2. Identify how it stores K/V in the cache. Most use `DynamicCache` with `[batch, heads, seq, head_dim]`. MLA stores expanded K/V at `[batch, heads, seq, qk_dim]` and `[batch, heads, seq, v_dim]` separately because qk_dim != v_dim. For uniform-dim attention, the slicing in `_maybe_evict` simplifies.
3. Replace the `DeepseekV3Attention` class lookup in `install_kv_eviction` with the relevant class.
4. Verify the attention probability tensor shape returned by the original forward; the score-accumulation code assumes `[batch, heads, q_len, k_len]`.
The H2O recipe itself does not need to change; only the cache management code does.
## Testing methodology
The smoke test in `src/kv_eviction_mla.py` exercises the eviction-decision logic on a `_FakeCache` that mirrors `DynamicCache`'s structure but skips the model. Real-model validation requires a GPU and a checkpoint.
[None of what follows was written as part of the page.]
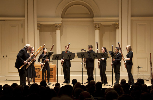 事实上,专门为巴松管而作的曲目也不在少数,像是莫扎特相传就为巴松管写下四首协奏曲,而目前只有一首K191保存下来,而浪漫时期作曲家韦伯(Karl Maria von Weber)也为巴松管与乐团写下《行板与匈牙利回旋曲,Op. 35》、《F大调巴松管协奏曲,Op. 75》。到了二十世纪,专为巴松而写的独奏曲、室内重奏,以及协奏曲,更是如雨后春笋般地出现,就这一方面来看,其实很多音乐家都为巴松神秘、低沉的音色深深着迷,赋予它在舞台上尽情发挥的机会。

We recommend:
1. Run the smoke test (no GPU required) to verify the patch logic.
2. Patch a small DeepSeek/Kimi model (e.g., a 1B or 7B variant) and run a perplexity-sweep notebook on a public benchmark prompt set.
3. Run RULER 128K NIAH at your target budget. Compare to full-cache baseline.
4. Stress-test on your actual workload distribution.
A canonical RULER benchmark with this code is in the project roadmap.